ENTRIES SUPPLIED Block Start

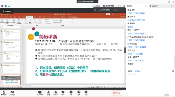 2021年11月17日,beats365亚洲版官网“职得”成长训练营第一期:简历不简单顺利举行。受疫情影响,本次活动采取线上的方式进行,主讲人为beats365亚洲版官网计算机与人工智能公司刘娟老师,训练营全体同学参加,会议由辅导员樊芝菱主持。
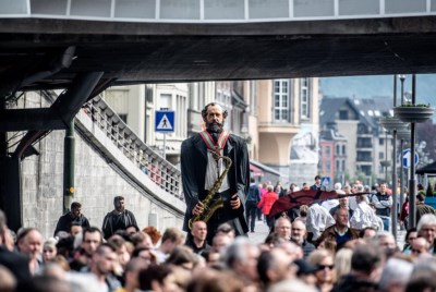 Mais volià, ce dimanche 29 avril, tous les Dinantais ne peuvent qu'espérer, désormais des jours meilleurs, le bateau "Le Sax", de "Dinant Evasion", d'une capacité de 250 personnes, participant à la fête, en ouvrant son bar au public, alors que se prépare, à sa hauteur, sur la "Croisette", le dernier événement officiel de la journée, à savoir l'inauguration du premier saxophone géant d'une nouvelle série, le dernier de la première série ayant été offert, il y a peu, à la Ville de La Nouvelle Orléans.
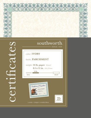 Southworth Parchment Certificates AWARD,PREPRINTED CER,IY 74412 (Pack of10)
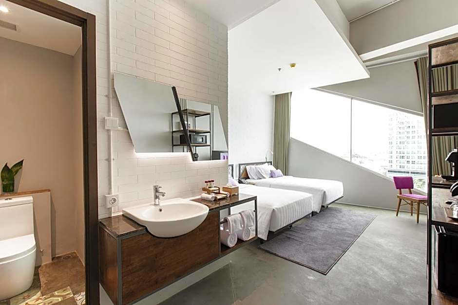 Dining is anchored by Sae, a modern restaurant serving American and Asian cuisines, complemented by a stylish on-site bar. The outdoor pool offers a refreshing option with a view, perfect after a day exploring Bandung. Family-friendly touches include a kid-friendly buffet and kids’ meals (extra charges), plus beach chairs and loungers by the pool.
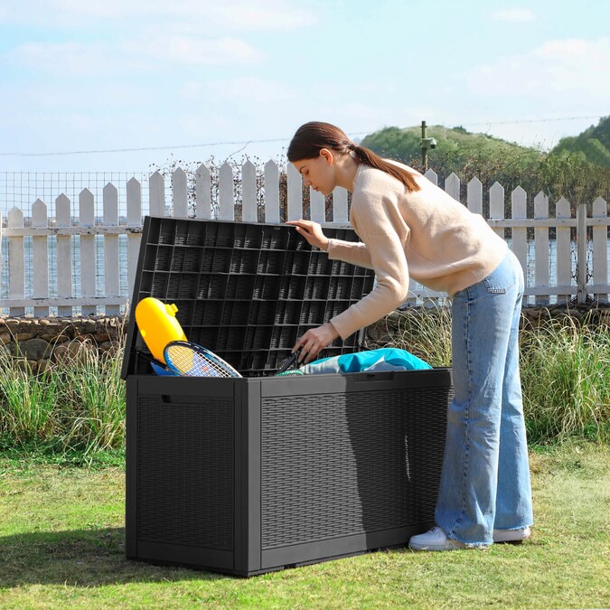 The Patiowell 100 Gallon Deck Box can help you regulate outdoor items that are a little out of hand. The enormous storage space of this enormous deck storage box makes it ideal for everything from pool equipment to patio furniture. Additionally, you won’t ever have to worry about leaving things outside in the deck box. The box is sturdy and long-lasting, and there is space for a lock for added security. As a result, it will keep the weather out and save your belongings. The Patiowell Deck Box is similarly simple to put together and has a warranty. Grab a Patiowell Deck Box today to get the finest of the best in deck boxes.
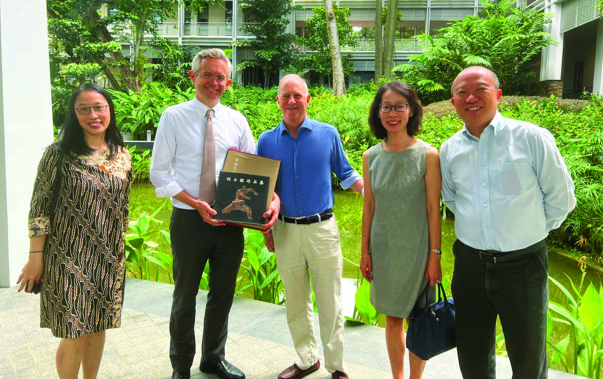 Left to right: Rachel Phoon (Head of Development, NUS College), Professor Simon Chesterman (Dean, NUS College), Andy Serwer (Co-chair of the Advisory Board, Liu Shiming Art Foundation), Puiking Hui (Director of External Affairs, Liu Shiming Art Foundation) & Victor Koh (friend of NUS College and Foundation)Andy Serwer and Puiking Hui of the Liu Shi Ming Art Foundation presenting books compiling Liu Shi Ming’s art pieces to Prof Simon Chesterman, symbolising the inspiration of interdisciplinarity placed upon NUS College.
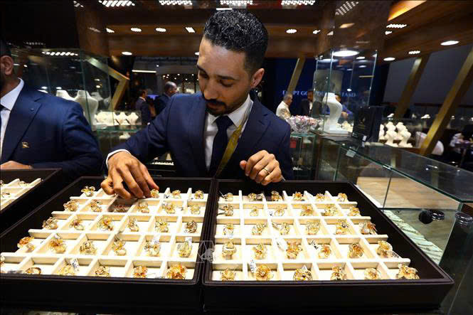 Trang sức vàng được bày bán tại tiệm kim hoàn ở Seoul, Hàn Quốc. Ảnh: Yonhap/TTXVN
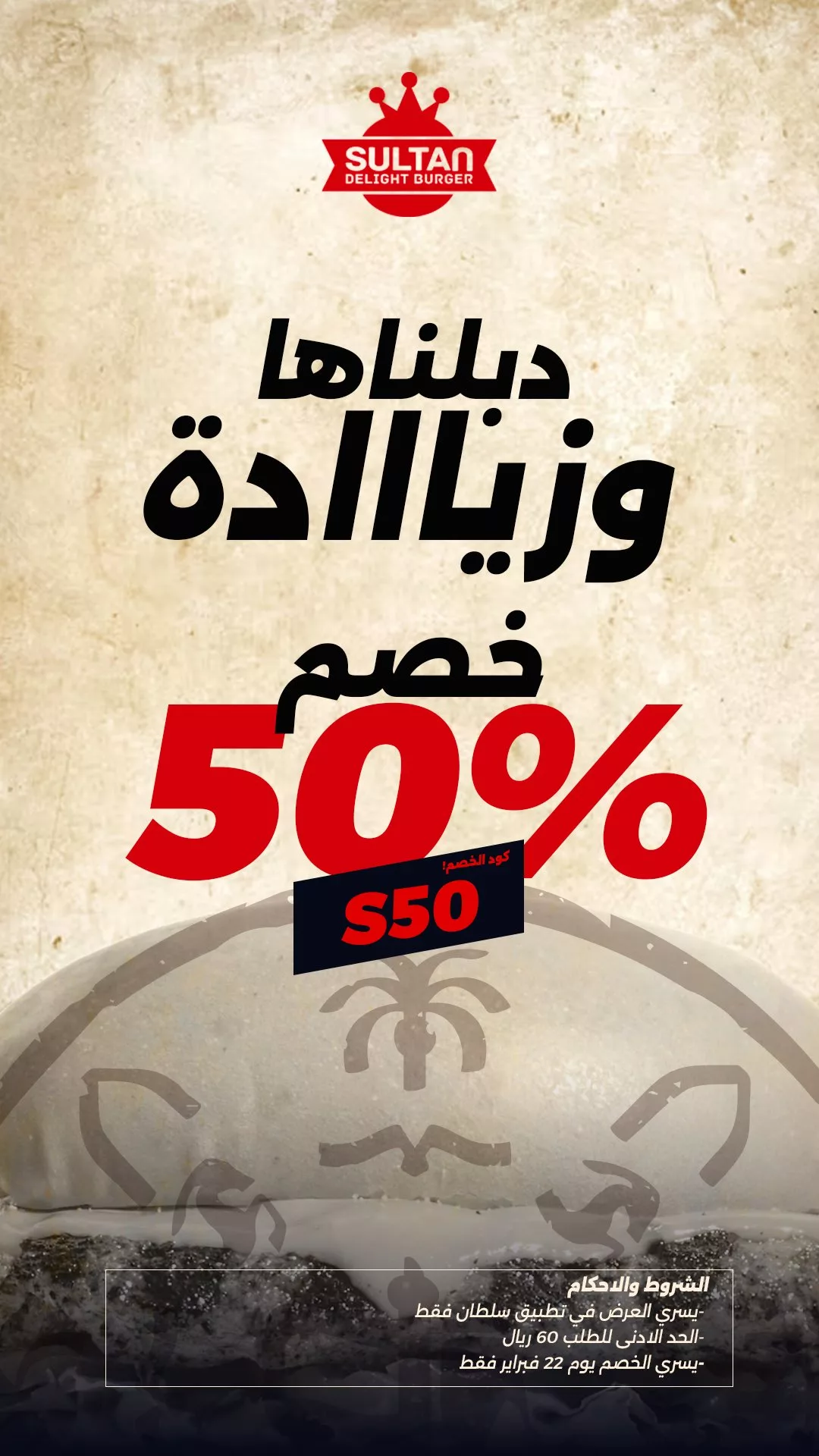 عروض سلطان دي لايت برجر خصم 50% احتفالا بيوم التأسيس السعودي من يوم بدينا والكرم بيدينا شعار المملكة للمجد و العز في مناسبة يوم التاسيس التي نقدم فيها خصم 50% لمدة يوم واحد فقط عبر التطبيق فقط والحد الادنى للطلب 60 ريال العرض ساري في يوم 22 فبراير 2026 فقط كود الخصم S50

ENTRIES SUPPLIED Block End

YOUR ASSIGNMENT: Each line of the data should be quoted exactly, with pictures left out.

EXERCISE OUTPUT:
 2021年11月17日,beats365亚洲版官网“职得”成长训练营第一期:简历不简单顺利举行。受疫情影响,本次活动采取线上的方式进行,主讲人为beats365亚洲版官网计算机与人工智能公司刘娟老师,训练营全体同学参加,会议由辅导员樊芝菱主持。
 Mais volià, ce dimanche 29 avril, tous les Dinantais ne peuvent qu'espérer, désormais des jours meilleurs, le bateau "Le Sax", de "Dinant Evasion", d'une capacité de 250 personnes, participant à la fête, en ouvrant son bar au public, alors que se prépare, à sa hauteur, sur la "Croisette", le dernier événement officiel de la journée, à savoir l'inauguration du premier saxophone géant d'une nouvelle série, le dernier de la première série ayant été offert, il y a peu, à la Ville de La Nouvelle Orléans.
 Southworth Parchment Certificates AWARD,PREPRINTED CER,IY 74412 (Pack of10)
 Dining is anchored by Sae, a modern restaurant serving American and Asian cuisines, complemented by a stylish on-site bar. The outdoor pool offers a refreshing option with a view, perfect after a day exploring Bandung. Family-friendly touches include a kid-friendly buffet and kids’ meals (extra charges), plus beach chairs and loungers by the pool.
 The Patiowell 100 Gallon Deck Box can help you regulate outdoor items that are a little out of hand. The enormous storage space of this enormous deck storage box makes it ideal for everything from pool equipment to patio furniture. Additionally, you won’t ever have to worry about leaving things outside in the deck box. The box is sturdy and long-lasting, and there is space for a lock for added security. As a result, it will keep the weather out and save your belongings. The Patiowell Deck Box is similarly simple to put together and has a warranty. Grab a Patiowell Deck Box today to get the finest of the best in deck boxes.
 Left to right: Rachel Phoon (Head of Development, NUS College), Professor Simon Chesterman (Dean, NUS College), Andy Serwer (Co-chair of the Advisory Board, Liu Shiming Art Foundation), Puiking Hui (Director of External Affairs, Liu Shiming Art Foundation) & Victor Koh (friend of NUS College and Foundation)Andy Serwer and Puiking Hui of the Liu Shi Ming Art Foundation presenting books compiling Liu Shi Ming’s art pieces to Prof Simon Chesterman, symbolising the inspiration of interdisciplinarity placed upon NUS College.
 Trang sức vàng được bày bán tại tiệm kim hoàn ở Seoul, Hàn Quốc. Ảnh: Yonhap/TTXVN
 عروض سلطان دي لايت برجر خصم 50% احتفالا بيوم التأسيس السعودي من يوم بدينا والكرم بيدينا شعار المملكة للمجد و العز في مناسبة يوم التاسيس التي نقدم فيها خصم 50% لمدة يوم واحد فقط عبر التطبيق فقط والحد الادنى للطلب 60 ريال العرض ساري في يوم 22 فبراير 2026 فقط كود الخصم S50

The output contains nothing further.